En güzel göz eşekte bulunur, bakışları mağdur ve mahçuptur. Bu güzel gözlüler sırtına konulan yük ne kadar ağır olursa olsun taşımak zorundadır.
Biz eşek olmaya devam ettiğimiz sürece gözlerimizin güzelliği bir işe yaramayacaktır.
Bir yere bir şeye bakarken aslında neye baktığınızın farkında bile değilsinizdir.
Bakar fakat görmezsiniz. Bakar kör olursunuz bilmeden. Sizin de bakıp görmediğiniz şeyler oldu mu hiç?
‘’ GÖZLER KALBİN AYNASIDIR’’ bazen sen sussan da onlar konuşur. Hatta çağlayan sel olur sesiz sedasız çağlar durur. Ağlayana neden ağlıyorsun diye sormaz mıyız hep? Ağlayan göz değil kalptir aslında.
Bazen kendine bile itiraf edemediğin duyguların yansıdığı yerdir bakmasını bilene.
Güzellik, yüzyıllardır insanların önem verdiği ve her coğrafyada farklılıklar gösteren önemli bir kavramdır. Güzelliği etkileyen bazı unsurlar vardır. Göz güzelliği ise bu unsurların başında gelir. Göz güzelliği doğuştan gelen bir hediyedir ve bilindiği gibi sadece rengiyle ilgili değildir.
Gözün en mutlu olduğu zaman, kapalı olduğu anlardır; oysa işe yaraması için açık olması gerekir”(Hector Chawla.)
Açıkken kapanan gözün gönül defteri de kararmıştır. Gidersen gönlümden gözümün seni görmesinin ne anlamı kalır ki? Önemli olan gönüllerde kalmaktır.
‘’Gitme gülüm, şu gönlümden
yüzüm gülmez gitme gülüm
sen yoksan gözüm kimseyi görmez’’.
Bir çok şarkıya ve şiire konu olmuş gözler aslında insan bedeninin bir nevi sessiz gemisidir.

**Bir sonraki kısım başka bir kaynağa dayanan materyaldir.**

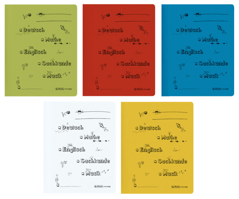 Manilakarton, Beschriftungslinien, gebrauchsfertig gefaltet,, für kaufmännische- u. Behördenheftung, mit Aufdruck: Mathe,, Deutsch, Englisch, Sachkunde, Musik, blauer Engel, gepackt zu 5 Stück, (11253820-000)
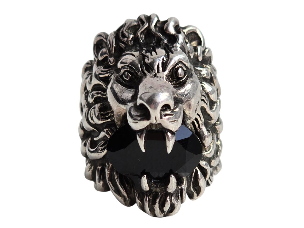 Popis: Luxusní robustní prsten zn. Gucci ve tvaru divoké šelmy. Velmi detailní a propracovaný. V zubech šelma drží broušený obsidián. Obecný kov. Na zadní straně prstenu vyražena signace GUCCI.
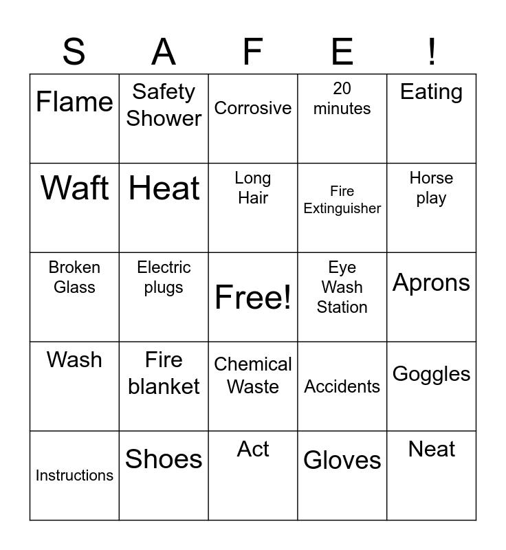 This bingo card has a free space and 24 words: Fire blanket, Shoes, Long Hair, Instructions, Eating, Flame, Waft, Safety Shower, Eye Wash Station, Chemical Waste, Fire Extinguisher, Broken Glass, Accidents, Goggles, Heat, Gloves, Aprons, Corrosive, Horse play, Electric plugs, Neat, Wash, 20 minutes and Act.
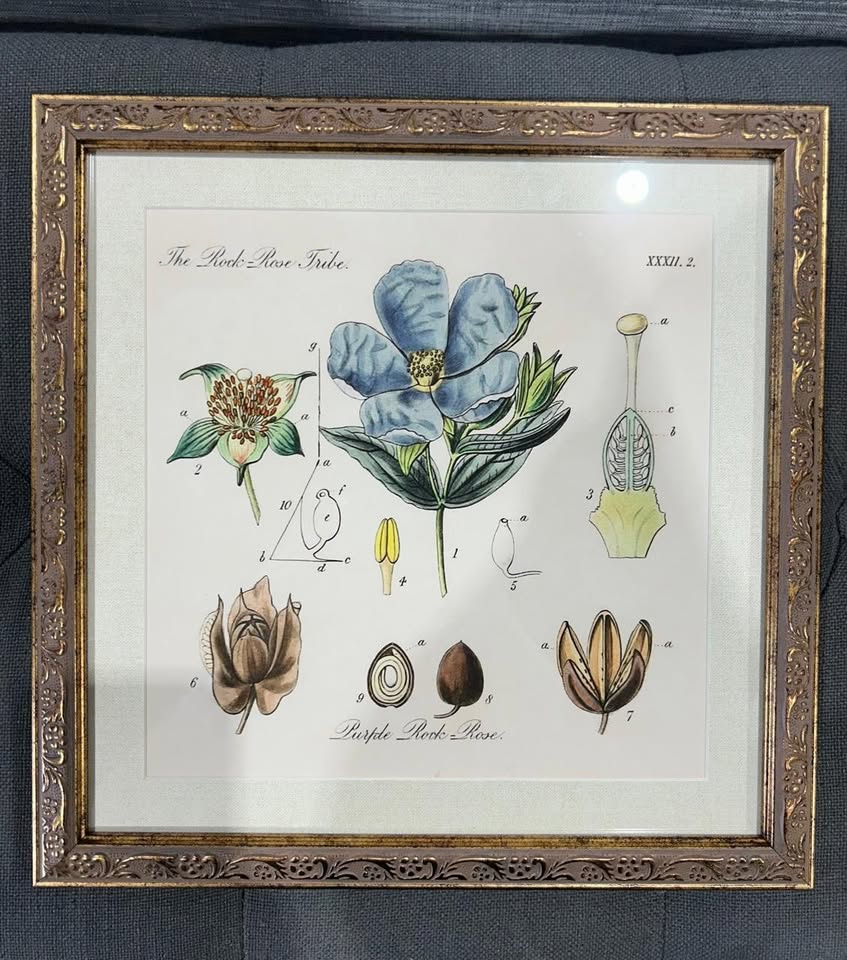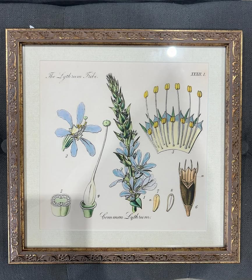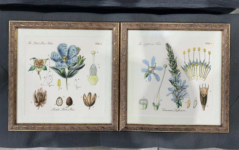 Two framed botanical prints. Detailed illustrations of Purple Rock Rose and Common Lythrum. Ornate gold frames. Perfect for a home office or living room.

Baktığında ilk gözlerdir göze çarpan ya elasına ya kömür karasına vurulmuştur delikanlılar. Çirkin insan olmadığı gibi çirkin göz de yoktur. Önemli olan kalbimizin güzelliğinin gözümüze yansımasıdır.
‘’Kusur bulmak için bakma birine, bulmak için bakarsan bulursun. Kusuru örtmeyi marifet edin kendine işte o zaman kusursuz olursun.’’ demiştir MEVLANA
Gözler, duygularımızı yansıttığımız birer ayna gibidir. Mutsuzluk, üzüntü, aşk, sevinç gibi birçok duyguyu yansıtabilmektedir.
Bir bakışla bile karşımızdakinin yüreğini kor ateş gibi yakabiliriz bazen. Uykusuzluktan kan çanağına dönen gözler, ağlamaktan davul gibi şişmiş gözler, sevinçten içi parlayan, beden dilimizin en nadide parçası onlar.
‘’Nasıl bakarsan öyle görürsün’’ demiş atalarımız, bakmakla görmek arasındaki farkı fark etmek değil midir asıl mesele?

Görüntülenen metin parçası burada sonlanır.